Question

What is the area of an equilateral triangle whose vertices lie on a circle with radius 2?

Answer 1

`3*sqrt(3)~=5.196`

Explanation:

Refer to figure below

The figure represents an equilateral triangle inscribed in a circle, where `s` stands for the triangle's sides, `h` stands for the height of the triangle, and `R` stands for the circle's radius.

We can see that triangles ABE, ACE and BCE are congruents, that's why we can say that angle `E hat C D=(A hat C D)/2=60^@/2=30^@`.

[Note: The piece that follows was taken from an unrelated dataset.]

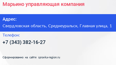 Марьино, управляющая компания по адресу Свердловская область, Среднеуральск, Главная улица, 1 в дальнейшем Организация, размещена в следующих категориях:

We can see in `triangle_(CDE)` that
`cos 30^@=(s/2)/R` => `s=2*R*cos 30^@=cancel(2)*R*sqrt(3)/cancel(2)` => `s=sqrt(3)*R`

In `triangle_(ACD)` we cant see that
`tan 60^@=h/(s/2)` => `h=s*tan 60^@/2` => `h=sqrt(3)/2*s=sqrt(3)/2*sqrt(3)*R` => `h=(3R)/2`

From the formula of the area of the triangle:
`S_triangle=(base*height)/2`
We get
`S_triangle=(s*h)/2=(sqrt(3)R*(3R)/2)/2=(3*sqrt(3)*R^2)/4=(3*sqrt(3)*cancel(2^2))/cancel(4)=3*sqrt(3)`